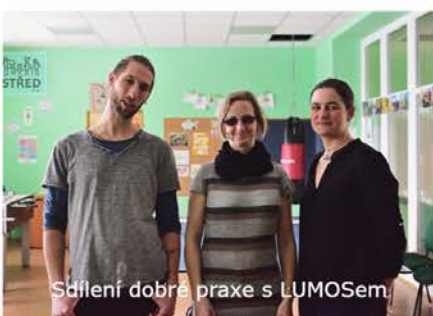
Sdílení dobré praxe s LUMOSEm
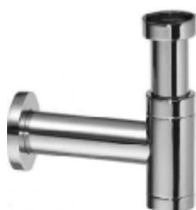
Raminex designsifon Slim met muurbuis
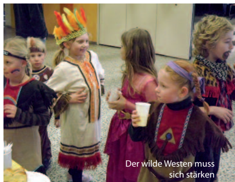
Der wilde Westen muss sich stärken

Ein buntes Treiben unter hunderten von Luftballons. Die hatte der Festausschuss unter der Decke in einem Tornetz aufgehängt welches im Laufe des Nachmittages heruntergelassen wurde. Die Kinder konnten es kaum erwarten, bis sie in Ballons badeten. Die Luftballons knallten anschlie-
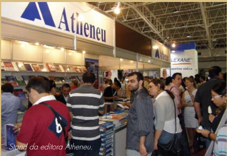
Stand da editora Atheneu.
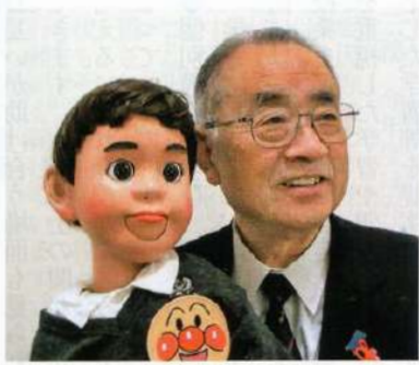
人形「けんちゃん」との掛け合い

しばらくすると、子どもたちに人権に関する話をしてほしいと要請があり、困惑した。子どもたちの前で話をする事には慣れていないもの、内容は多岐にわたり難しい。あれこれ考えた末、腹話術の手法で、子どもたちの心情に訴えようと思った。少し手ほどきを受け、練習す
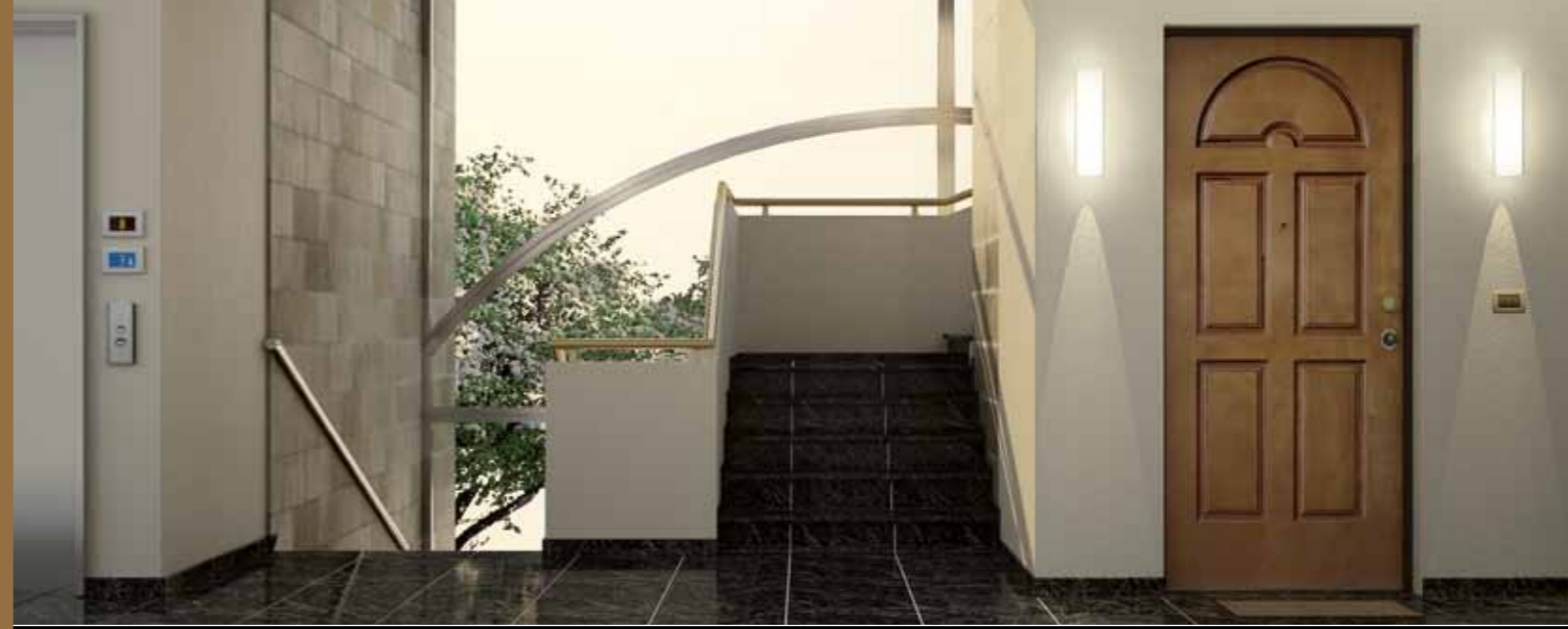
Porta blindata - Resistenza all'effrazione "Classe 3"
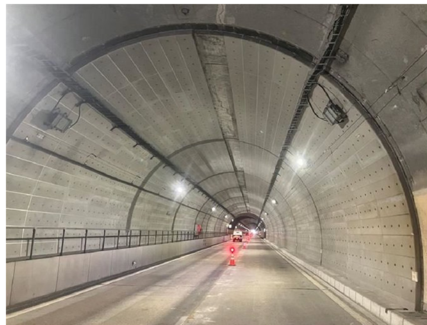
工事規制STEP⑤ 完了状況(至 松山側)
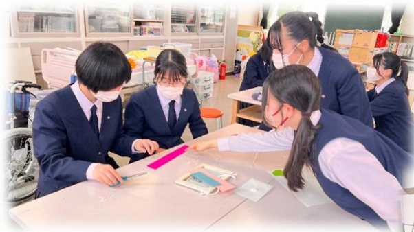
フェルトのお花づくり

梅雨の時期は雨が多く気持ちがどんよりする。 そこで、私たちはお花のクラスボードを飾って梅雨でも明るく過ごせるように したいと思った。
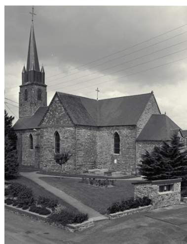
Vue générale sud-est IVR53_19943501040X
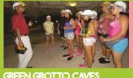
GREEN GROTTTO CAVES
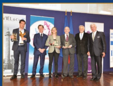
32 ème Prix Turgot
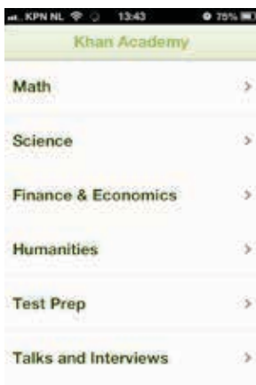
app Khan Academy

Jetpack , een door de Purdue University ontwikkelde auteursomgeving met bijbehorende mobiele apps waarmee onderwijsontwikkelaars zelf interactief onderwijsmateriaal voor mobiele apparatuur kunnen maken. Zij kiezen voor deze benadering, omdat het uitbrengen van onderwijsmateriaal in de vorm van e-books in hun ogen weinig didactische meerwaarde biedt.
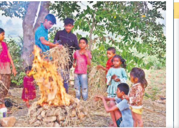
గద్వాలలో చలి మంటను కాచుకుంటున్న చిన్నారులు

వేకువజామున మంచు దుప్పటి కప్పకొంటున్నది. పది రోజులుగా ఉష్ణోగ్రతలు కనిష్ట స్థాయికి పడిపోవడంతో మంచు కురుస్తూ చలి పంపేస్తోంది. ఉదయం 9గంటలు దాటితే మంచు కురుస్తూనే ఉండడంతో ప్రకృతి ప్రేమికులను ఆకట్టుకునేలా ఉన్నప్పటికీ వివిధ పనులపై వెళ్లే వారికి మాత్రం కొంత ఇబ్బందులను తెచ్చిపెడుతున్నది. అయినప్పటికీ ఉద్యోగాలకు వెళ్లేవారు, స్కూల్ విద్యార్థులు, పేపర్ బాయిస్, ప్రయాణికులతో పాటు గ్రామీణ ప్రాంతాల్లో రైతులు, గొర్రెలు కాసేవారు తప్పని పరిస్థితుల్లో అలాగే తమ పనులకు వాహనాల్లో వెళ్లే లికి మంచు కారణంగా ఎదురుగా వచ్చే వెహికిల్స్ కనిపించడం లేదు. దీంతో నెమ్మదిగా గమ్యస్థానాలకు చేరుకోవాల్సి వస్తున్నది.
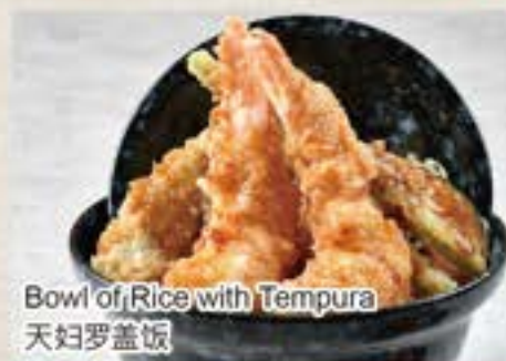
Bowl of Rice with Tempura 天妇罗盖饭
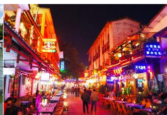
ถนนคนเดิน ซีเจียงหรือถนนฝรั่ง
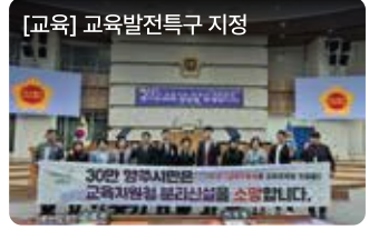
[교육] 교육발전특구 지정
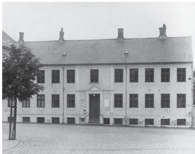
Svietorv. Den gamle fattiggård set fra Katrinegade. 1931.

Politiet forsøgte at efterlyse ham i det internationale efterlysningsblad, Internationales Criminal-Polizeiblatt. Fattigvæsenet forsøgte desuden at få ham til at skrive nogle ord på et stykke papir, som blev sendt til forskellige eksperter, dog uden held. En V. Thomsen fra København udarbejdede nogle skemaer på polsk, tjekkisk, ungarsk og russisk, men også det var uden resultat. Han voldte igennem tiden en del besvær for fattigvæsenet i Kolding. Ifølge en skrivelse var han et "umædgyrligt væsen". 5 Ud fra datidens aviser kunne man dog læse, at fattigvæsenet i Kolding spekulerede i, om manden måske kom fra Kroatien eller Slovenien. Ifølge beskrivelsen fra Internationales Criminal-Polizeiblatt var den ukendte mand "omkring 40 til 45 år, slank eller middel med mørkt hår, magert blegt ansigt, overskæg og halv-
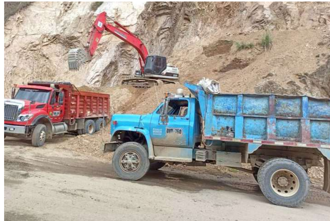
La gobernación se unió a este esfuerzo de la comunidad

Aprovechó Solarte para recordar que con trabajo conjunto y el esfuerzo de todos se logran los objetivos, “esto de las mingas ha entregado excelentes resultados, ya mencioné lo de Teruel, lo más reciente en el sector de la Lupa con cuatro días de trabajo y soluciones viales importantes”, añadió
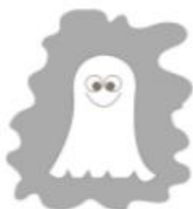
Привидение летает и воет: У-У-У

* **PROBLEM**:
When you transcribe the entries above, begin at their first line, end with the line containing "Der wilde Westen muss sich stärken", and copy each line exactly without any picture.

* **WRITTEN ANSWER**:
Sdílení dobré praxe s LUMOSEm
Raminex designsifon Slim met muurbuis
Der wilde Westen muss sich stärken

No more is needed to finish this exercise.